A 16-year-old girl’s story of being kidnapped at gunpoint from her family’s driveway was a hoax, Kansas authorities said Thursday.
/ Source: The Associated Press

A 16-year-old girl’s story of being kidnapped at gunpoint from her family’s driveway and then held in a white van for hours was a hoax, authorities said Thursday.

Police and FBI agents said Kelsey Stelting acknowledged Thursday morning that it never happened and said she instead spent the day alone not far from town.

The reported abduction around dawn Tuesday led Kansas officials to issue an Amber Alert, the FBI brought in 30 agents and other personnel to join the search, and officials in Oklahoma were notified to be on the look out for a white van.

Kelsey was missing for about 15 hours before turning up at a stranger’s home in her small southeast Kansas town. She said she had clobbered her assailant and was able to escape.

In reality, officials said, she jogged to an area southwest of Independence, called 911 to report that she had been abducted, and then stayed there alone.

“She said that all of the original statements she made regarding the abduction were false and that she acted alone,” the law enforcement agencies said in a written statement.

Motivation a mystery
Kelsey could be charged with filing a false police report, a misdemeanor, Police Chief Lee Bynum said. He said police will turn over reports to the county’s juvenile prosecutor to decide. FBI agent Jeff Lanza said he didn’t foresee any federal charges. Authorities would not say Thursday what motivated the girl to report a fake abduction.

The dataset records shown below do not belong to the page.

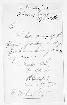 On 1 April 1863, Goulstone sent a note to Donald McLean, confirming an appointment with him for the following day.[9] Unfortunately no account of the meeting has been uncovered, so it is presently a mystery as to why Goulstone went to see Sir Donald. The letter (at right), is currently the only surviving written document of him.
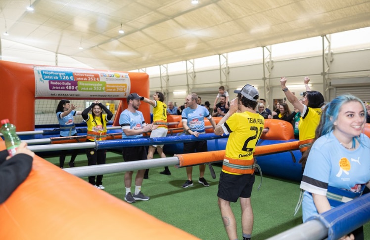 Um dieses Jahr aber nicht vollständig auf das Event verzichten zu müssen und weiterhin Gutes zu tun, hat man sich ein mindestens genauso spektakuläres Alternativprogramm überlegt: Nach dem sommerlichen "Bierkistlsingen" in der Ottakringer Brauerei, bei dem Musiker:innen bereits 2.633 Euro an Spendengeldern sammelten (LEADERSNET berichtete), ging am Sonntagabend, dem 5. Oktober, mit dem "Kickerl Royale" ein XXL-Wuzzler-Turnier über die Bühne. Dabei traten Prominente in sechs Teams erstmalig nicht am grünen Rasen, sondern in der SV Donau-Indoorhalle im Riesenwuzzler gegeneinander an.
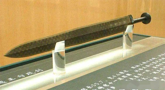 《哪吒之魔童鬧?!分谐霈F了大量青銅兵器。殷夫人則使用了一把典型的戰國圓首雙箍青銅劍,這類青銅劍以越王勾踐劍為代表。劍身有菱形紋,劍柄上纏繞了紫色絲緱,有利于抓握。
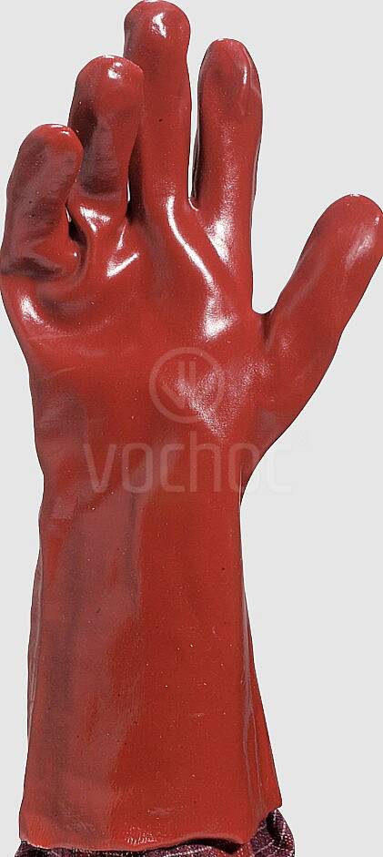 Rukavice s chemickou ochranou chránící celé předloktí před rozstřiky oleje a uhlovodíky při dlouhodobém používání.
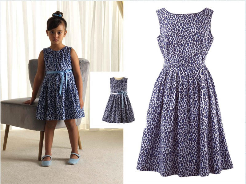Fashion designer Rachel Riley has created an exclusive leopard print for one of her classic sleeveless dresses that mum and daughter can wear together at a special event like a wedding or a Summer Party or even a Christmas dinner. The dress has pleats at neckline and skirt in an original fun leopard print with tones of blue. The blue ribbon sash at waist is for the little girl’s dress. The ladies’ design comes with a matching belt in self fabric. Both dresses are fully lined with an invisible side zip. These design has a Fifties’ look and feel which I love. It reminds me of my favourite TV series of all time, Mad Men.
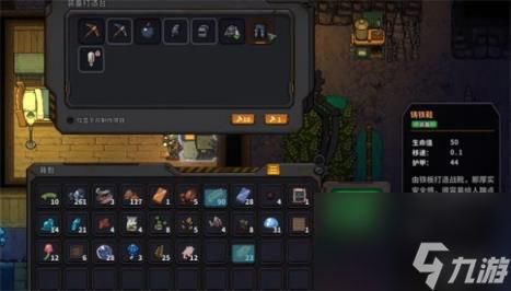 首先是15铁板的拳套和鞋子,一个能提升5暴击和0.5挖掘速度,另一个能加50生命值和44护甲,附带0.1的移速,前期还是挺关键的。

“That’s between her and her family,” Bynum said. He said answering such questions might require him to reveal medical information that he’s not qualified to discuss.

The family did not immediately return calls seeking comment.

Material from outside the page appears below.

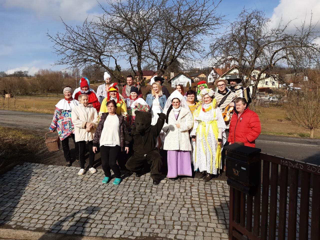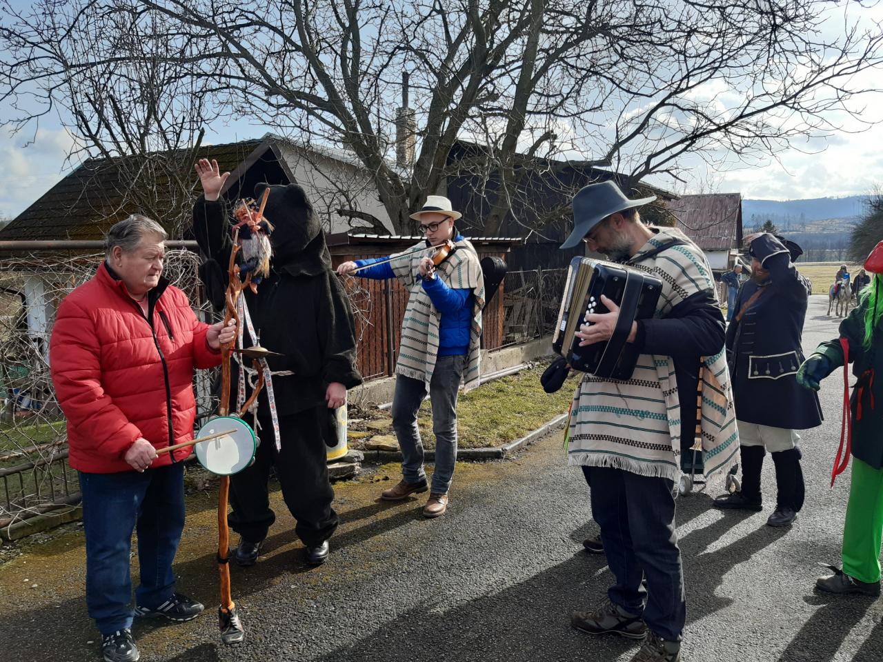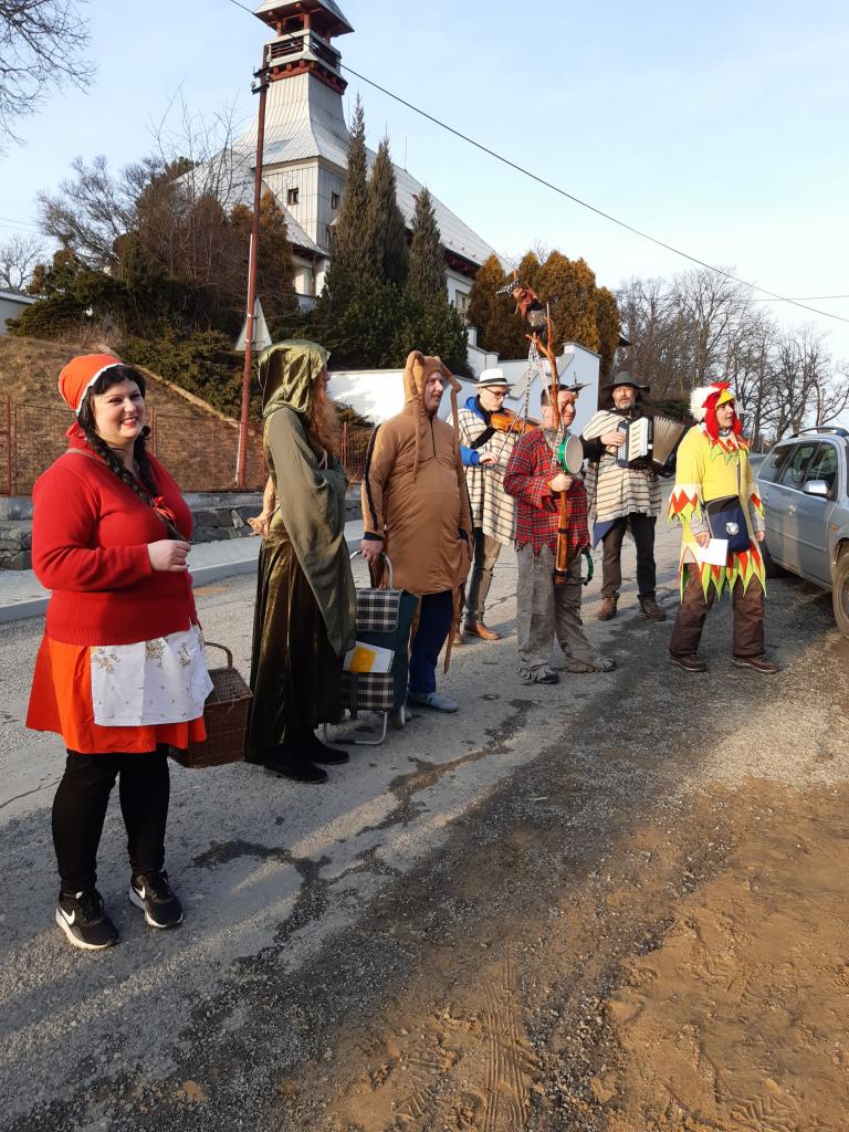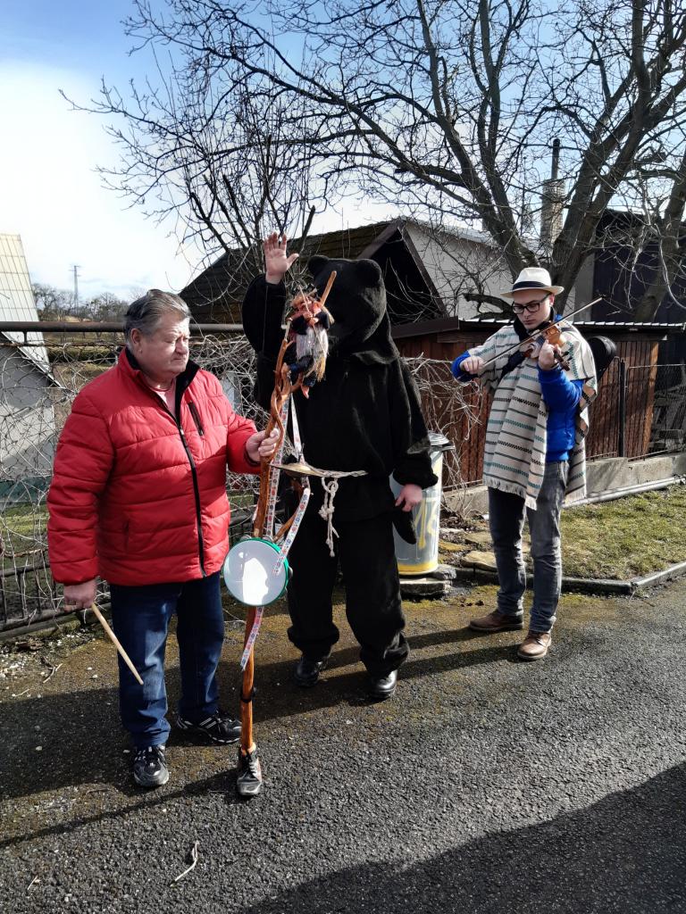 Tydli fidli bumtarata, otevřete kmotře vrata! Maškary k vám přišly, hej, začal masopustní rej.
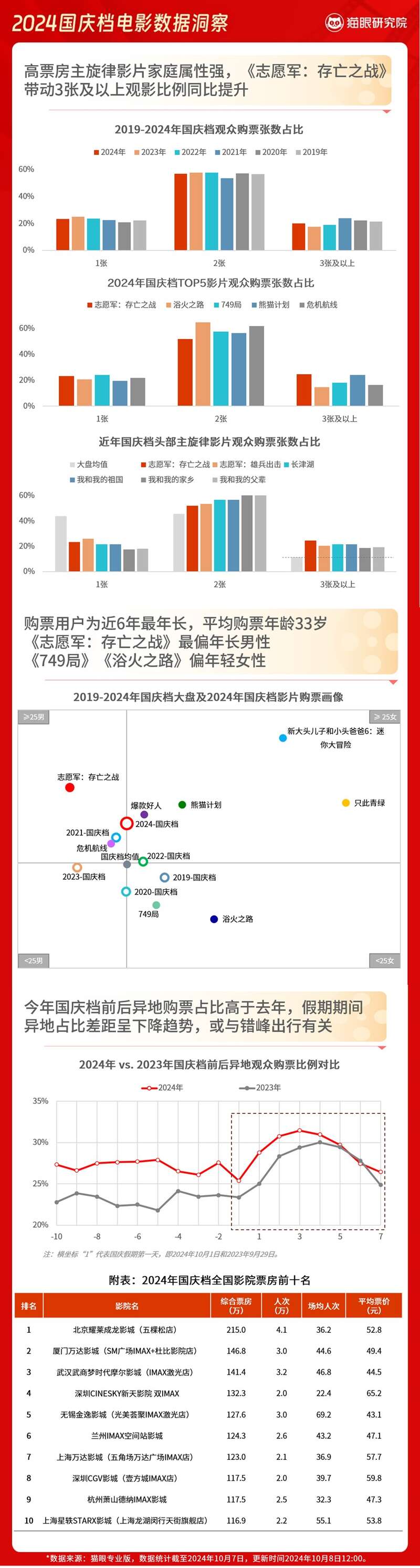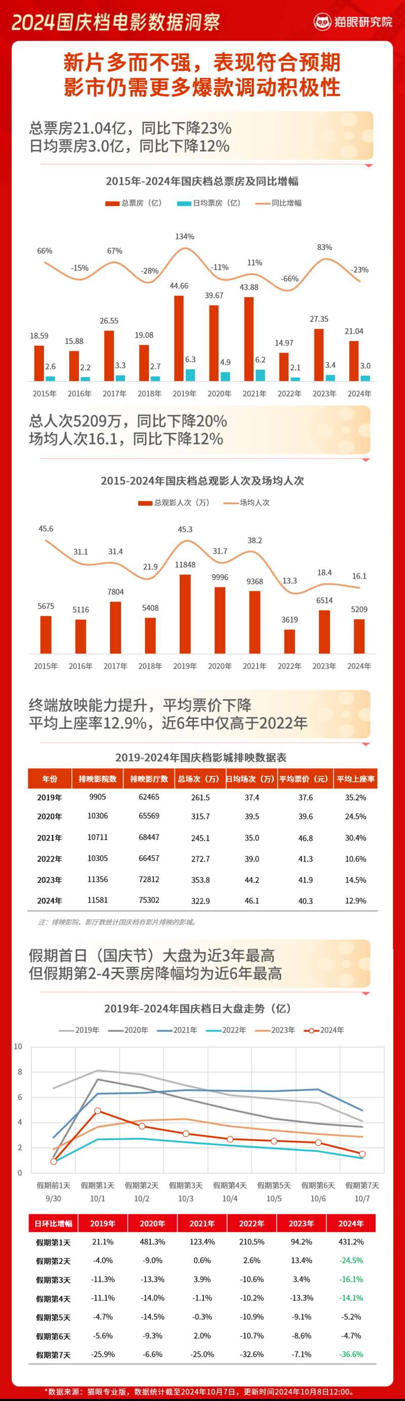10月8日,猫眼研究院发布的《2024国庆档电影数据洞察报告》显示,2024年国庆档总票房为21.04亿元,日均票房3亿元,总观影人次为5209万。

Police on Wednesday released the tape and transcript of Kelsey’s 911 call. She told the dispatcher that a man with a gun had approached her in the driveway of her home about 6:30 a.m., forced her to run several blocks as he followed, then forced her into a white van outside a lumber yard.

No signs of trouble at home
Friends and acquaintances described Kelsey as bright, a good student who is involved in softball, cheerleading, dance squad and student government. They said they didn’t see signs of trouble at home or school or anything to cause them to doubt that she’d been abducted.

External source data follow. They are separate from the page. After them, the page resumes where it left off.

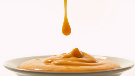 Brazilian dulce de leche in isolated spoon on the white background copy the space, generative AI
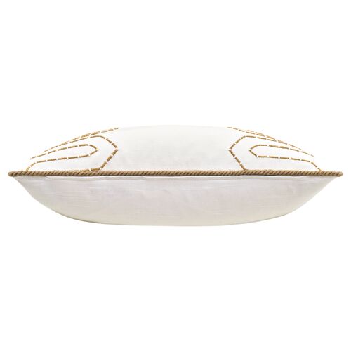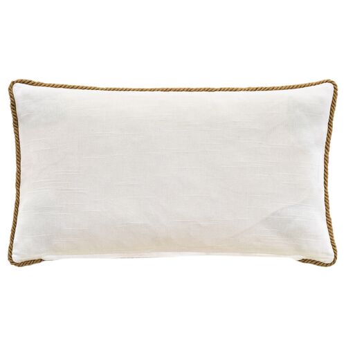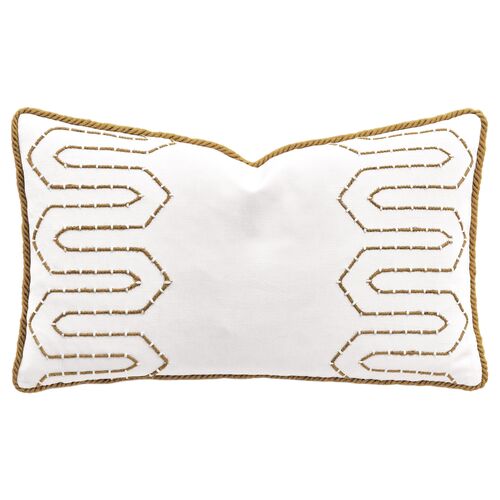 Valley 13x22 Hand Embroidered Lumbar Pillow, White/Gold
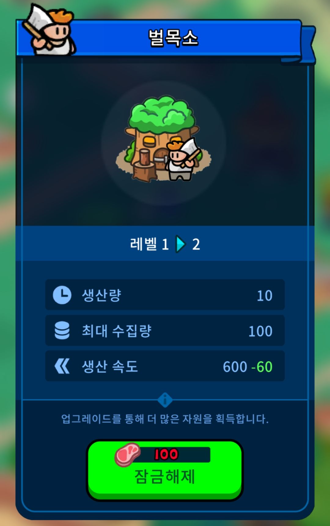그리고 목재, 광석, 골드는 직접 채굴을 하는 방법이 있지만 자동으로 얻는 방법도 있습니다. 재화가 남으면 이쪽을 업그레이드를 투자를 해주었습니다.
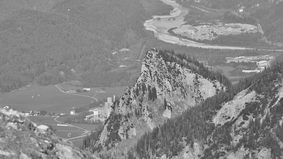 der Rote Stein - im Hintergrund das Vilser Gewerbegebiet
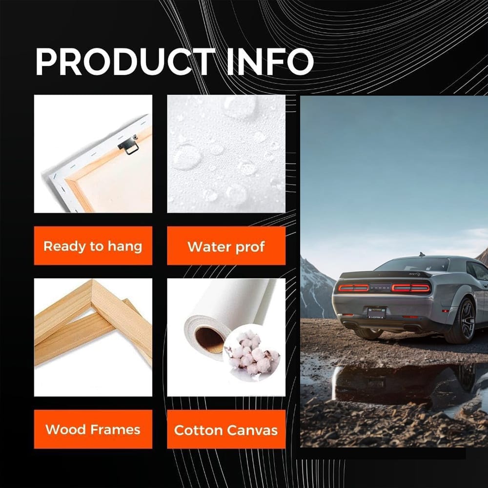There's a poster of a Dodge Challenger on the wall, what a beast! This painting is a car fan's dream. Wall art that makes the engine inside roar. The mountains in the background add to the wildness, as if you're on the edge. Just fire! See more from the collection: Dodge Art
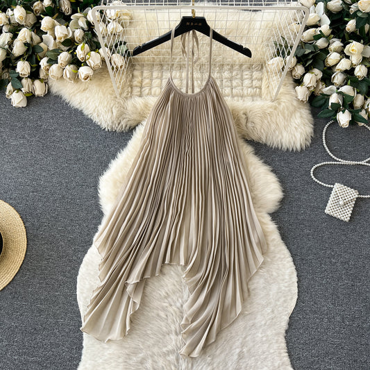 Beach resort long dress with a sense of atmosphere, slim waist and beautiful suspender dress R1577
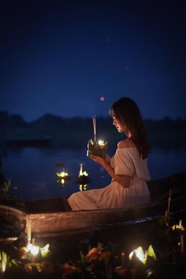 捧起水灯,寄予祝福与祷告,伴着僧侣们的诵经声,将它送到远方

“Every single one of us will tell you that Kelsey’s a very forthright young woman,” Stelting’s mother, Kelly Cox, said Wednesday. “If you listen to that 911 call, and I think if you’re a mom or a dad, I think you hear in her voice the trauma, that she is afraid.”

Lanza said didn’t believe the incident would hurt the integrity of the Amber Alert system.

But in Independence, which has about 9,400 residents, neighbor Richard Basham said the girl had embarrassed the town.

“It destroys the trust in a small community. It just deteriorates a small town’s integrity,” Basham said.